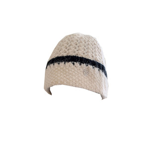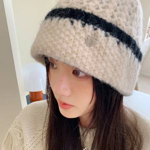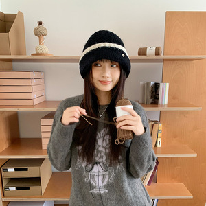 批发韩国2025年早秋新款时尚百搭撞色条纹毛线帽保暖显脸小针织帽
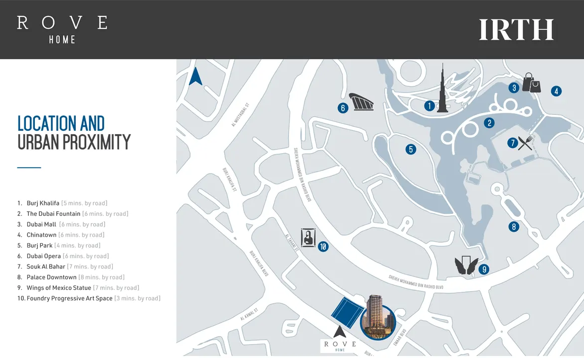 - Key attractions like Burj Khalifa, Dubai Fountain, and Dubai Mall are just minutes away
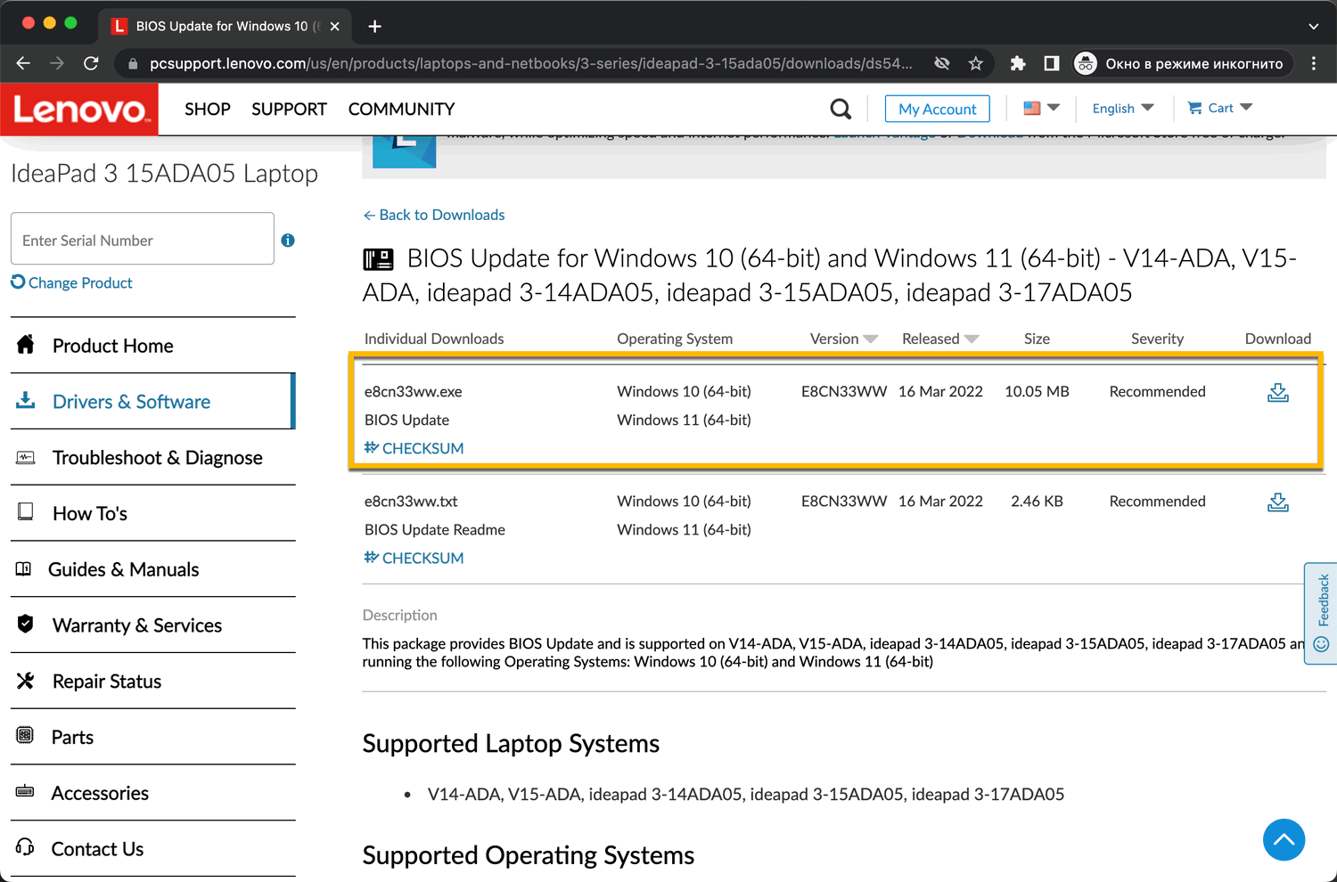 Затем нужно выбрать BIOS/UEFI, чтобы отобразить доступные обновления прошивки для загрузки обновления. На странице поддержки, посвященной уязвимостям, перечислены версии прошивки, содержащие исправления безопасности.

##############################

ACTIVITY:
Lines from the one that contains "- Key attractions" to the final line of the material are the whole answer. Reproduce them word for word and skip the pictures.

EXERCISE SOLUTION:
 - Key attractions like Burj Khalifa, Dubai Fountain, and Dubai Mall are just minutes away
 Затем нужно выбрать BIOS/UEFI, чтобы отобразить доступные обновления прошивки для загрузки обновления. На странице поддержки, посвященной уязвимостям, перечислены версии прошивки, содержащие исправления безопасности.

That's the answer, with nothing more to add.